Action item:
Reproduce the entries that follow exactly. No picture should appear in the result.

(Excerpts from a dataset)
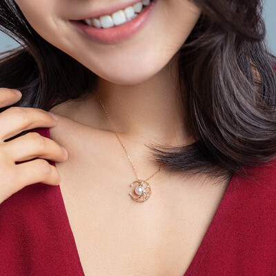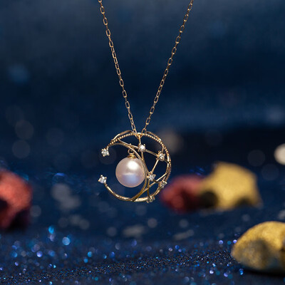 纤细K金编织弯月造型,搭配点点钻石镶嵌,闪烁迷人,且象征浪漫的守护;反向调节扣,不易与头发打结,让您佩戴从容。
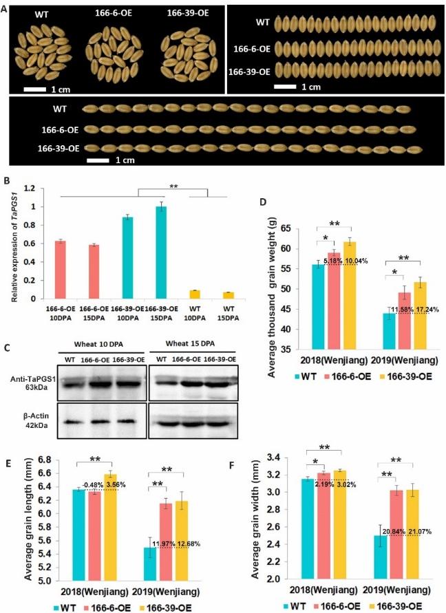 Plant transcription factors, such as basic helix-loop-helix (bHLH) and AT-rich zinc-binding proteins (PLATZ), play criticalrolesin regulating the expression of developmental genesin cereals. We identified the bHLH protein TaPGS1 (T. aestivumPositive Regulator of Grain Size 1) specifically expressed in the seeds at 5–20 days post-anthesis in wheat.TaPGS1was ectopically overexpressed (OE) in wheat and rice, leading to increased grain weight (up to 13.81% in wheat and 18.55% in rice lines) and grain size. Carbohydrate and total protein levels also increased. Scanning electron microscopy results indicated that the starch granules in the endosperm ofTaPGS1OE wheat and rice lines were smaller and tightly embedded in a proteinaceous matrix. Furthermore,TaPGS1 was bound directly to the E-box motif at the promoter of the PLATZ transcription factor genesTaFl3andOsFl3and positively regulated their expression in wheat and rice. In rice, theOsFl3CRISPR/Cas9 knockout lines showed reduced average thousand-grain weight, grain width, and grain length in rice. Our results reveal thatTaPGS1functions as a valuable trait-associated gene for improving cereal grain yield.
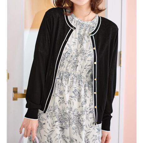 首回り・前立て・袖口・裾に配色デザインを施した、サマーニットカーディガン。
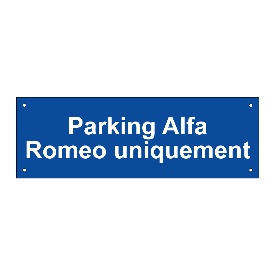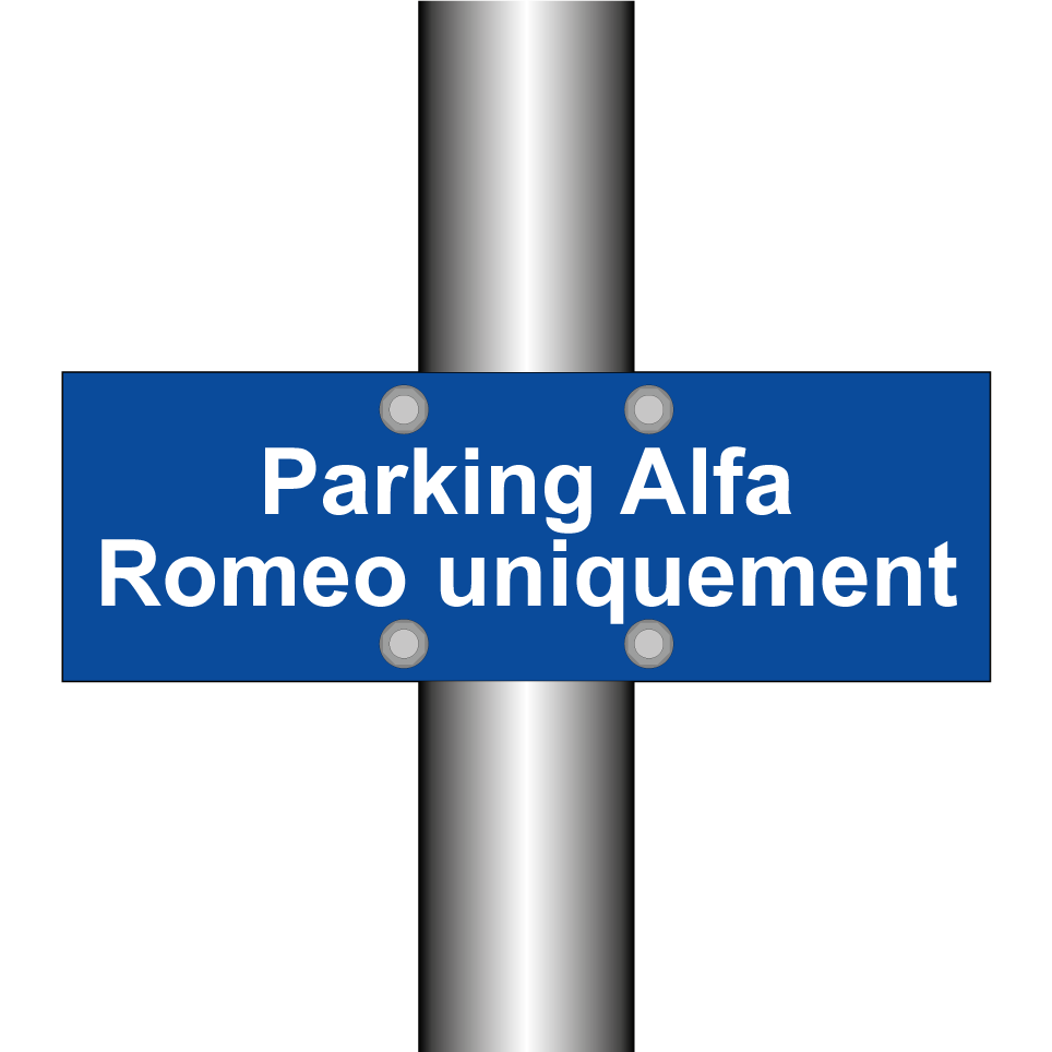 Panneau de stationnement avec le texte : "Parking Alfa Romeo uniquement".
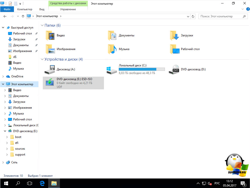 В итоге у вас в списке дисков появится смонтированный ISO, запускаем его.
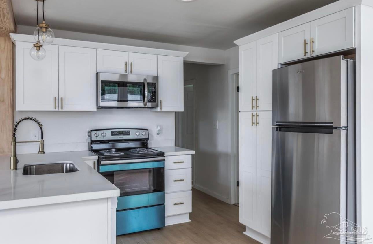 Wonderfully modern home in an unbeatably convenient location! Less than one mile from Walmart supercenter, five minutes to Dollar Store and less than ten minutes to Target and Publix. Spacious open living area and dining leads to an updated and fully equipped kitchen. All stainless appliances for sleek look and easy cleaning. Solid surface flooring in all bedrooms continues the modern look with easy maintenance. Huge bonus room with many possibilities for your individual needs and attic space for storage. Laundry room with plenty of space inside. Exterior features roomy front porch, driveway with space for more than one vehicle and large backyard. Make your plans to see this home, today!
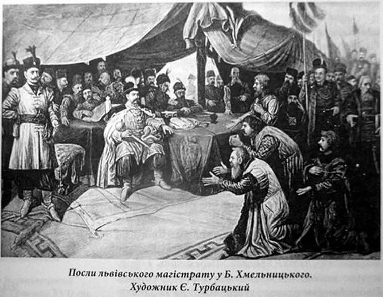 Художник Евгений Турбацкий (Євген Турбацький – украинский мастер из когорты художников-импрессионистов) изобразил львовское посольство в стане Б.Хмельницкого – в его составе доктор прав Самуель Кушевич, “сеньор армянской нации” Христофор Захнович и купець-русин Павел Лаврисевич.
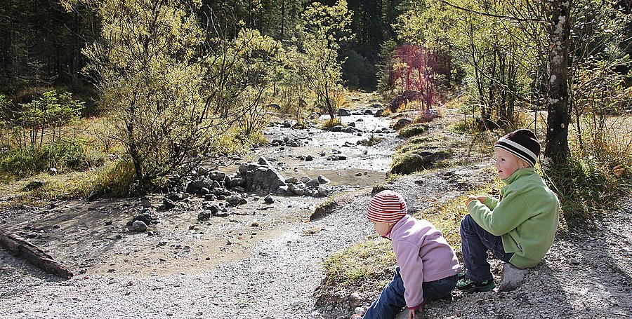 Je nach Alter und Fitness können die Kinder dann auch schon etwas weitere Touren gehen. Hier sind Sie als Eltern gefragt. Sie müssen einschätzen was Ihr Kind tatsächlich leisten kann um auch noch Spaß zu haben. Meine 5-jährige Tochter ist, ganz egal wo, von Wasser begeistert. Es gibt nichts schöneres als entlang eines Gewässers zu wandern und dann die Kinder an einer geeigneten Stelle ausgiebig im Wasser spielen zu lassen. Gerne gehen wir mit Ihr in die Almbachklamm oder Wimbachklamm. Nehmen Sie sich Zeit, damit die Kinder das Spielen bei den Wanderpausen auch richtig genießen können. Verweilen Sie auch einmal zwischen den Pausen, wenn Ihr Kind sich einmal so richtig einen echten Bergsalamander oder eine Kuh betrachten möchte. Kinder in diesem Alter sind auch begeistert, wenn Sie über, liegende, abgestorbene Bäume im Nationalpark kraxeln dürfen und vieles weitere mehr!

Your response:
 纤细K金编织弯月造型,搭配点点钻石镶嵌,闪烁迷人,且象征浪漫的守护;反向调节扣,不易与头发打结,让您佩戴从容。
 Plant transcription factors, such as basic helix-loop-helix (bHLH) and AT-rich zinc-binding proteins (PLATZ), play criticalrolesin regulating the expression of developmental genesin cereals. We identified the bHLH protein TaPGS1 (T. aestivumPositive Regulator of Grain Size 1) specifically expressed in the seeds at 5–20 days post-anthesis in wheat.TaPGS1was ectopically overexpressed (OE) in wheat and rice, leading to increased grain weight (up to 13.81% in wheat and 18.55% in rice lines) and grain size. Carbohydrate and total protein levels also increased. Scanning electron microscopy results indicated that the starch granules in the endosperm ofTaPGS1OE wheat and rice lines were smaller and tightly embedded in a proteinaceous matrix. Furthermore,TaPGS1 was bound directly to the E-box motif at the promoter of the PLATZ transcription factor genesTaFl3andOsFl3and positively regulated their expression in wheat and rice. In rice, theOsFl3CRISPR/Cas9 knockout lines showed reduced average thousand-grain weight, grain width, and grain length in rice. Our results reveal thatTaPGS1functions as a valuable trait-associated gene for improving cereal grain yield.
 首回り・前立て・袖口・裾に配色デザインを施した、サマーニットカーディガン。
 Panneau de stationnement avec le texte : "Parking Alfa Romeo uniquement".
 В итоге у вас в списке дисков появится смонтированный ISO, запускаем его.
 Wonderfully modern home in an unbeatably convenient location! Less than one mile from Walmart supercenter, five minutes to Dollar Store and less than ten minutes to Target and Publix. Spacious open living area and dining leads to an updated and fully equipped kitchen. All stainless appliances for sleek look and easy cleaning. Solid surface flooring in all bedrooms continues the modern look with easy maintenance. Huge bonus room with many possibilities for your individual needs and attic space for storage. Laundry room with plenty of space inside. Exterior features roomy front porch, driveway with space for more than one vehicle and large backyard. Make your plans to see this home, today!
 Художник Евгений Турбацкий (Євген Турбацький – украинский мастер из когорты художников-импрессионистов) изобразил львовское посольство в стане Б.Хмельницкого – в его составе доктор прав Самуель Кушевич, “сеньор армянской нации” Христофор Захнович и купець-русин Павел Лаврисевич.
 Je nach Alter und Fitness können die Kinder dann auch schon etwas weitere Touren gehen. Hier sind Sie als Eltern gefragt. Sie müssen einschätzen was Ihr Kind tatsächlich leisten kann um auch noch Spaß zu haben. Meine 5-jährige Tochter ist, ganz egal wo, von Wasser begeistert. Es gibt nichts schöneres als entlang eines Gewässers zu wandern und dann die Kinder an einer geeigneten Stelle ausgiebig im Wasser spielen zu lassen. Gerne gehen wir mit Ihr in die Almbachklamm oder Wimbachklamm. Nehmen Sie sich Zeit, damit die Kinder das Spielen bei den Wanderpausen auch richtig genießen können. Verweilen Sie auch einmal zwischen den Pausen, wenn Ihr Kind sich einmal so richtig einen echten Bergsalamander oder eine Kuh betrachten möchte. Kinder in diesem Alter sind auch begeistert, wenn Sie über, liegende, abgestorbene Bäume im Nationalpark kraxeln dürfen und vieles weitere mehr!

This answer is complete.